• [Work request] Give back exactly the lines of the material below, starting with the line with "Проводится местная анестезия" and going on through the line with "decorate your party.".

• [Dataset]
+--
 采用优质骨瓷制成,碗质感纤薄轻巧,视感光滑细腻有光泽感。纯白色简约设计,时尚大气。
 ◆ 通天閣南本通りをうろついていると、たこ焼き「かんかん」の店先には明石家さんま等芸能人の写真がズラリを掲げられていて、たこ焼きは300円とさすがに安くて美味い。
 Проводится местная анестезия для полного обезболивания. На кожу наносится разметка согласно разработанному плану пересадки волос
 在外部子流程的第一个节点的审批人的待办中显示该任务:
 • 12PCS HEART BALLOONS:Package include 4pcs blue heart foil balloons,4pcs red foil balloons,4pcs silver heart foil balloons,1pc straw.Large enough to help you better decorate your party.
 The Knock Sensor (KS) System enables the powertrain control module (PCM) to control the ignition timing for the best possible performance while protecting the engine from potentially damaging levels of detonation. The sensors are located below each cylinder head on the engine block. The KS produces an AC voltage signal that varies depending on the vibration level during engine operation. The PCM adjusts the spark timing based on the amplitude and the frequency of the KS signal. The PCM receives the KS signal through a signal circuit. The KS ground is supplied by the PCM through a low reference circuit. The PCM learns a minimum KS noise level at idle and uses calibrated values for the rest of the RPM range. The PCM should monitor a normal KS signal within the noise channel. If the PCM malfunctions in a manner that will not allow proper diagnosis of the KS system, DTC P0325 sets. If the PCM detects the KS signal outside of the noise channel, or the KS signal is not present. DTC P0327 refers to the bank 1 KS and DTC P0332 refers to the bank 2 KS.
+--
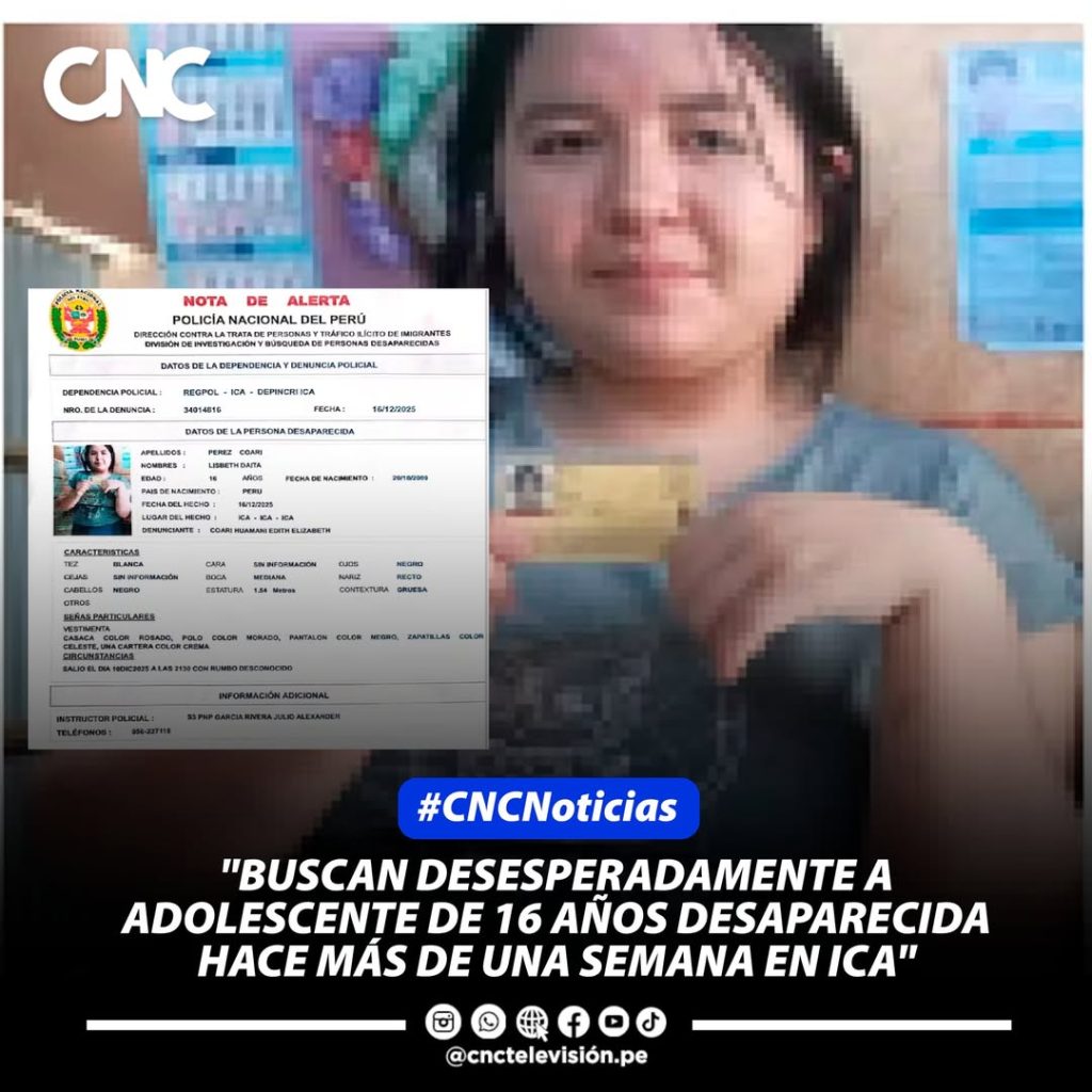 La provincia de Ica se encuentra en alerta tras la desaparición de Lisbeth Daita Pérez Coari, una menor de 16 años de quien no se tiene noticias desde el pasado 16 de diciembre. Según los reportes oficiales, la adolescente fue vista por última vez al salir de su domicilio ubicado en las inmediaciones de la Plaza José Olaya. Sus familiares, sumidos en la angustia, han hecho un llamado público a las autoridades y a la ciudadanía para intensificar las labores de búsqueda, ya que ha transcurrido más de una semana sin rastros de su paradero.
+--
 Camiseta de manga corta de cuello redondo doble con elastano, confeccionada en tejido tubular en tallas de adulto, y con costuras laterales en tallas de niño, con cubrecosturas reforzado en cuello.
+--
• [Solution below]
 Проводится местная анестезия для полного обезболивания. На кожу наносится разметка согласно разработанному плану пересадки волос
 在外部子流程的第一个节点的审批人的待办中显示该任务:
 • 12PCS HEART BALLOONS:Package include 4pcs blue heart foil balloons,4pcs red foil balloons,4pcs silver heart foil balloons,1pc straw.Large enough to help you better decorate your party.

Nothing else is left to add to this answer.